What we could do is the following:

If the maxTokens parameter is not supplied, the implementation can remain as is
If maxTokens is provided, we will:
- Encode the input text (up to maxTokens tokens)
- We will decode it back internally to test if the decoded text matches the head of the input string
- If not, we will decrease the number of maxTokens and repeat the procedure until our decoded string matches the head of the input string. We would return the tokens list.

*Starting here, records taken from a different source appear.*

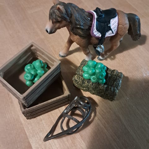 Schleich hevonen ja tarvikkeita -setti. Kaikkea kivaa pikkutavaraa..
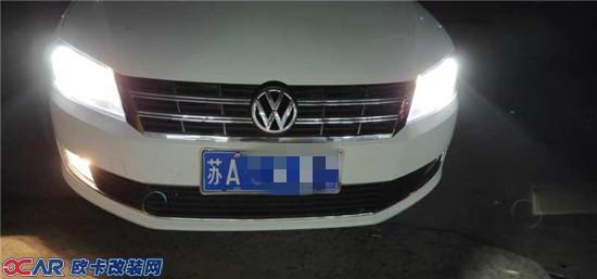 大众朗行 原车大灯几年前改过了一次海拉双光透镜欧司朗氙气灯 这次到店再次升级米石LED双光透镜加装一对LED天使眼
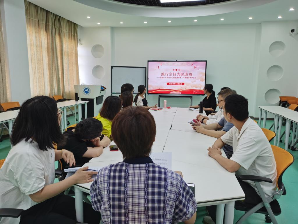 活动中,刘丹丹围绕主题领学了《习近平著作选读》有关篇章,并结合工作实际开展研讨交流。刘丹丹强调践行宗旨为民造福,是学习贯彻习近平新时代中国特色社会主义思想主题教育的具体目标之一。支部党员要牢固树立以人民为中心的发展思想,动员、组织和协调各方力量为推进职业教育改革努力,升级人才培养能力、深化产教融合,办好人民群众满意的职业教育。
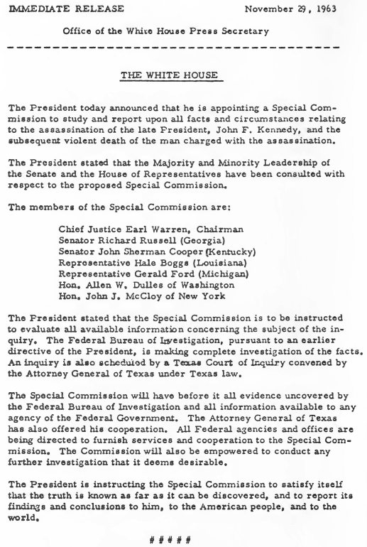 President Lyndon B. Johnson, by Executive Order No. 11130 dated November 29, 1963,F-1 created this Commission to investigate the assassination on November 22, 1963, of John Fitzgerald Kennedy, the 35th President of the United States. The President directed the Commission to evaluate all the facts and circumstances surrounding the assassination and the subsequent killing of the alleged assassin and to report its findings and conclusions to him.F-2

So in the example above, the returned tokens will be:

[40, 3021]

Doing so would avoid the issue with the multibyte characters. Of course, it will have an impact on the performance, but only for the use case when maxTokens parameter is provided. Your original use case will remain the same (performance-wise).

What do you think?

tox-p commented 1 year ago

Hmm, sounds good to me and would probably produce outputs that are more useful. I think the performance overhead is manageable, since this case will probably not happen that often and one has to opt-in into that behaviour by using the maxTokens variant. This would also offer an additional benefit instead of just using encode(x).sublist(0, maxTokens) since the library handles this edge case

But maybe the signature of encode with maxTokens should change and return an EncodingResult containing the list of tokens and a truncated boolean.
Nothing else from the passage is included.